The advent of AI and other emerging technologies has also meant that our underlying social principles have been put under strain. One dilemma has been over the ethics of genetically enhanced technology (GET), an outcome of a convergence of insights in the biological and technological spheres (including the use of AI in genomics).
Numerous philosophers have advanced various arguments in the debate over the permissibility of these and their implications for liberal democracy. A view under discussion among ethicists is the notion that granting access to GET gives an unfair advantage and may create a “genetic caste system” that will perpetuate our current socioeconomic disparities.
In another sense, the inequality in technical expertise required to enter the labour market has given rise to a phenomenon some political economists are terming techno-feudalism. That is, in addition to the internet (and increasingly other industries) being dominated by only a handful of powerful, monopolistic corporations (termed Big Tech), our society increasingly runs the risk of having a class of individuals locked out of meaningful economic participation and upward mobility.

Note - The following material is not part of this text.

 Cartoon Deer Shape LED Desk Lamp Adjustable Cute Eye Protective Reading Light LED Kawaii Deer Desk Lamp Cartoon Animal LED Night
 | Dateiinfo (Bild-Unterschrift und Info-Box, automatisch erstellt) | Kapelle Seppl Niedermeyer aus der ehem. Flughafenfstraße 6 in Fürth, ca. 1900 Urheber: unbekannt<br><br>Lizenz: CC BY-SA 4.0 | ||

This speaks to the importance of common global standards and values to underlie the protocols on which these technologies are based so that it may be clear when some governments curtail them. A future referendum on whether to adopt some forms of advanced AI is also a possibility and would be justified given the societal and collective implications. Above all, the preponderance of emerging technologies in the political process requires a wary public. This begs the question of whether citizens are capable of understanding the threat.
Part of the problem is the technically complex nature of AI. Political scientists have already observed that technology has the effect of creating a small, decision-making elite composed of technocrats and governing officials. This requires citizen education. Civil society should play a role not only in understanding the threats but also the opportunities. An educated citizenry is also less vulnerable to baseless conspiracy theories.

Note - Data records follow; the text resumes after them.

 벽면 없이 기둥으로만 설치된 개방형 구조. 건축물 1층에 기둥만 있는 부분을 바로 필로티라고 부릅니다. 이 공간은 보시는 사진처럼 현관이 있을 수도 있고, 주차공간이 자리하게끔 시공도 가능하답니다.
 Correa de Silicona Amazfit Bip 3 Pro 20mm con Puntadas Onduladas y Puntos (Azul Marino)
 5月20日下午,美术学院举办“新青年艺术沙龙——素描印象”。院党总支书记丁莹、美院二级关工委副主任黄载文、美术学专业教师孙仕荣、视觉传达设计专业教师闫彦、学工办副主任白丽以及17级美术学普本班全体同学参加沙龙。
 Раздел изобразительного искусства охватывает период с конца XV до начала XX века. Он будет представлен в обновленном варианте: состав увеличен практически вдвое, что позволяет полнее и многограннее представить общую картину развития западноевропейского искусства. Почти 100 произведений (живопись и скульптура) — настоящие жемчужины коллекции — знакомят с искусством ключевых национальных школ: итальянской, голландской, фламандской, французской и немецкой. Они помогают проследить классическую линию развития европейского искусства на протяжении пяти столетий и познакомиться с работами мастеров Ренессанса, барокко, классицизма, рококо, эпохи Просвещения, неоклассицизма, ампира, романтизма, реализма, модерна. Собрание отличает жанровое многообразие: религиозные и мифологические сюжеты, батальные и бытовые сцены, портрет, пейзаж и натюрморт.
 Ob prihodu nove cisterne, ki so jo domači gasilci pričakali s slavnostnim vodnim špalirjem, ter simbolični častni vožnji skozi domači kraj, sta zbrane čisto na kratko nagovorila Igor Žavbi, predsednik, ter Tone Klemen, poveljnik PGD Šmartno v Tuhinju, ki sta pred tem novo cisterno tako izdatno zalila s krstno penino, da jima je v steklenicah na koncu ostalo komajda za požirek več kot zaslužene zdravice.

New times indeed call for new types of leaders, but they also call for a new kind of citizen. DM
Dr Bhaso Ndzendze lectures a postgraduate course on Technology Dynamics in International Relations at the University of Johannesburg and directs research in its Centre for Africa-China Studies. Professor Tshilidzi Marwala is Vice-Chancellor of the University of Johannesburg. He deputises President Cyril Ramaphosa on the South African Presidential Commission on the Fourth Industrial Revolution. Dr Ndzendze and Professor Marwala are co-authors of “Artificial Intelligence and Emerging Technologies in International Relations”.